3.4. Model Validation and Results Comparison

The previous results indicate a good accuracy of the model developed in this study in estimating the TOC in Devonian shale. The dataset of 82 data points from another well (Well-C) has been used to validate the new correlation. Well-C is located in the vicinity of the Well-A and Well-B that have been used for training and testing, the validation dataset covers a depth interval of over 140 ft. The prediction accuracy of equation (8) was compared with three of the available models for TOC prediction, namely, Schmoker model, ΔlogR method, and Zhao et al. [28] correlation. Figure 5 compares the accuracy of the TOC prediction for all these models and correlations for the validation data of Well-C. As shown in Figure 5, the new correlation outperformed all other correlations in estimating the TOC with AAPE of only 9.7% and high R of 0.97, while Zhao et al. [28] correlation was the second accurate, and it estimated the TOC with AAPE and R of 20.2% and 0.84, respectively.
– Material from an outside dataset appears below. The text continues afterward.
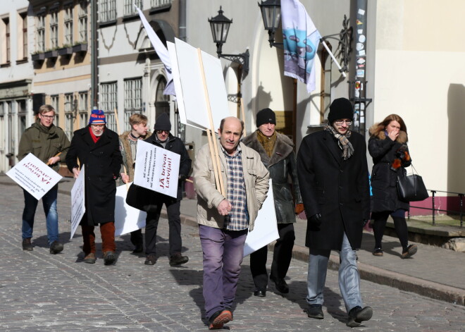 Несмотря на то, что власти не разрешили Латвийскому антинацистскому комитету проводить свое мероприятие у памятника Свободы в день легионеров, небольшая группа людей имела при себе плакаты, направленные против легионеров. В этой группе была лидер Русского союза Латвии Татьяна Жданок.

The ΔlogR method calculated the TOC with high AAPE of 24.6% and low R of 0.83, and the least accurate model was the one developed by Schmoker which predicted the TOC with the highest AAPE of 48.6% and the lowest R of 0.80. Visual comparison of all plots of Figure 5 also confirmed the high accuracy of equation (8) compared to the other models.
Figure 5

Comparison of the prediction accuracy of Schmoker model, ΔlogR method, Zhao et al. [28] correlation, and equation (8), using the validation dataset of Well-C.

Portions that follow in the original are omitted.